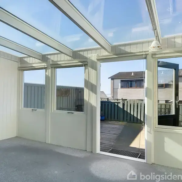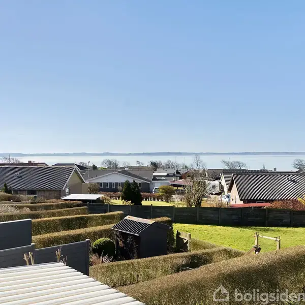 Åbent hus med tilmeldingskrav 2/2 - klik på billede - Flot og velholdt ende-rækkehus på Fårtoftvej nær indkøb, Limfjorden og midtbyen af Thisted Dette rækkehus ligger utrolig godt på en lukket vej i det populære område med rækkehuse på Fårtoftvej. Rækkehuset er bygget i 1962 og er medlem af Ejerlauget Fårtoften, hvor man bl.a. har fælles vaskehus, 1 opbevaringsrum pr. husstand, og dette rækkehus er så privilegeret at have en bred, lukket garage med elhejs tilknyttet. Rækkehuset er på 94 bolig-m2, heraf 47 m2 i stueplan og 47 m2 på 1. sal. Foruden har rækkehuset en sydvendt udestue på 11 m2, der giver masser af lys og holder på varmen. Herfra er der udgang til en 2-delt have mod syd med flisebelægning. Grunden er i alt 111 m2. Selve rækkehuset er indrettet med: Entre med hvide klinker og god skabsplads. Køkken med lyse elementer og plads til mindre spiseplads. Åben forbindelse til stue med trægulv beliggende mod syd samt trappen til 1. salen. Fra stuen er der udgang til udestuen (nyt gulvtæppe i november 2025). Badeværelse med hvide klinker og bruseniche. 1. salen er indrettet med: (trappen kan have en el-stol) 2 værelser med gulvtæppe (værelset ud for trappen har fået nyt gulvtæppe på i november 2025) og fantastisk udsigt mod syd. Mindre opbevaringsrum. Soveværelse med linoleumsgulv og adgang til mindre walk-in-closet. I gangen er der opgang til loftsrum til opbevaring. Man er som ejer medlem af Ejerlauget Fårtoften. Til ejerlauget betales pr. måned 1.900 kr. (heraf udgør 525 kr. a conto varme pr. måned). Fællesudgifterne dækker bl.a. udgifter til vicevært, snerydning, fælles forsikringer, administration, vedligeholdelse af fælles arealer og bygninger, renovation mm. Pr. 1 maj 2025 stiger a conto varme til 575 kr. pr. måned.
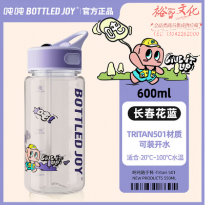 吨吨 BOTTLED JOY吨吨桶 运动健身水壶双饮杯 PCT 吸管款牛长春花蓝0.6L SKU:yzwhyp320650
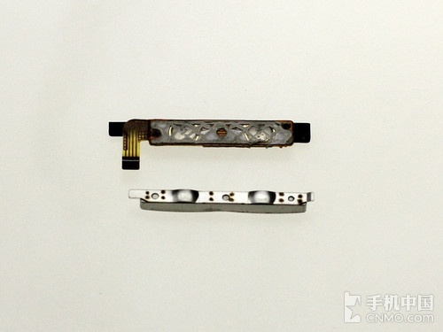 拆卸过程中注意还要将音量调节键取下,它由以下两部分组成,导线和金属按键。导线边缘过渡清晰,按键处焊点精密,做工严谨。
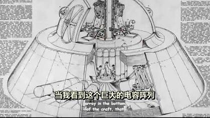 ⻢克:⼀开始,当我看到这个巨⼤的电容阵列在⻜船底部时,我以为它完全依赖于⽐Biefeld-Brown(费尔德•布朗)效应,什么是⽐费尔德•布朗效应,回到20世纪30年代或40年代,有⼀名⼤学学⽣我想是在俄亥俄州,名为汤姆•汤森布朗的地⽅,他的教授是艾尔弗雷德•别费尔德,他决定做个试验⽤板式电容器,并联电容器充电,他在它们之间放了某种绝缘体,他发现当他⽤正确频率的电⼒,正确的电压充电时,通常是直流电,物体会浮动,它会开始漂浮,在YouTube(优⼟布)或类似⽹站上,关于这个有很多争议,⼈们制作升降机,并已经有了这些⼩钟罩类型的电器,在⼀些实验室也,创造出⼀种半硬质真空,可以将所有空⽓从房间⾥抽出,这些东⻄容易短路不起作⽤,所以它们永远不会在太空中起作⽤,但如果你仔细看着外星⼈制造的⻜船,所有这些电容器板都不是敞开的,他们是绝对绝缘的,这就是区别所在,这就是为什么它能够在外层空间运作,因为这些组件没有机会短路,事实上与这些围绕平板的⽯英有关的重要之处在于,它在光学上是清澈的,就像清晰的光学玻璃没有遮挡,没有颗粒污垢,没有⽓泡什么都没有,在我看来,当我看到所有这些平⾏平板电容器,被分段并分成48个径向取向的部分,就像⼤块⽐萨饼分成细⻓⼜薄的馅饼那样,似乎这是合乎逻辑的,在这些楔形物中,每⼀个堆叠有⼋块板,这意味着如果是⽐费尔德•布朗效应,那么会交替产⽣正负正负电,正板在堆叠的顶部,⽽最后⼀个负极板,则在底部,我认为这是推进系统的基础,但是所有这些⼈都否认,⽐费尔德•布朗效应没那么有威⼒,不可能达到那种程度,但是所有谈论的⼈从来没有谈到实际上嵌⼊电介质或绝缘材料如⽯英的系统,证⼈所说的事情之⼀,就是他们不只是使⽤纯⽯英,它们实际上是掺杂重⾦属的⽯英如铀等物质,多年来他们在实验中发现,当⽤重元素掺杂⽯英时,⻜船的起始质量很⾼,这样它在⼯作时能够提⾼系统的推动效率,但随着时间的推移我开始意识到,由于物体是使⽤零点能量作为动⼒来源,这发⽣在⻜船中⼼的⽀柱,这个物体创造出⾮常庞⼤的存储潜⼒整个电容器阵列,整体上实际上开始扭曲时空,事实证明1994年3⽉左右,我记得有位科学家,名叫⽶格尔•阿尔库维耶雷,写了⼀篇关于翘曲驱动的⽂章,这是⼀种空间型公制⼯程空间驱动器,他谈到,通过控制电磁和静电场,可以创造⼀个先于⻜船的时空,就像⿊洞那样,像个奇点,然后在⻜船后⾯会产⽣⼀个扩展的时空,这是⼀种极化过程,正如帕特霍夫描述的那样,他在这⽅⾯写得很深⼊,⽽这种极化过程能够创建⼀个像是在海上冲浪的系统,前⾯有抑制后⾯有推动,⽽且基本上是在这个时空中沿着翘曲的⾯滑动,正是这样产⽣了能够向前移动的向量,但是对于整体概念⽽⾔,令⼈兴奋的有趣⽅⾯是,它创造了⼀种被称为动态本地时空或公制⼯程的原则,就是围绕⻋辆的时空泡沫,是由⻜船⾃⾝内部的,系统造成并影响的,但当物体通过时空移动时,它会在时空的部分时间,以整个单位⼀起,移动⻜⾏器船员组件,以及其中的⼀切,它以⼀个单位移动,受到⻜船对它周围时空所做的其他因素的影响,所以它在后⾯创造了⼀个扩展的时空,压缩了它之前的时空,但由于整个物体是⼀起的,所以根本就没有重⼒的感觉,没有,当⼈们谈论看到⼀个物体,以每⼩时9000英⾥的速度穿过天空,在地⾯上并以这些极速转向⾓度,绘制时间距离时,从未⻅过这样的⼈会说这不可能,认为⻜⾏员会在船内因为撞击⼒,⽽被压成汉堡包,但如果消除质量因素的话就没有惯性了,如果谈到统⼀加速的,时空设计⻜船,其内部和整个⻜船的⼀切⼀起移

━━━━━━━━━━━━━━━━━━━━

* Try it:
Precisely those lines above that run from the line with "吨吨 BOTTLED JOY吨吨桶" up to and including the line with "拆卸过程中注意还要将音量调节" are to be set down, with the pictures omitted.

* Reply to the task:
 吨吨 BOTTLED JOY吨吨桶 运动健身水壶双饮杯 PCT 吸管款牛长春花蓝0.6L SKU:yzwhyp320650
 拆卸过程中注意还要将音量调节键取下,它由以下两部分组成,导线和金属按键。导线边缘过渡清晰,按键处焊点精密,做工严谨。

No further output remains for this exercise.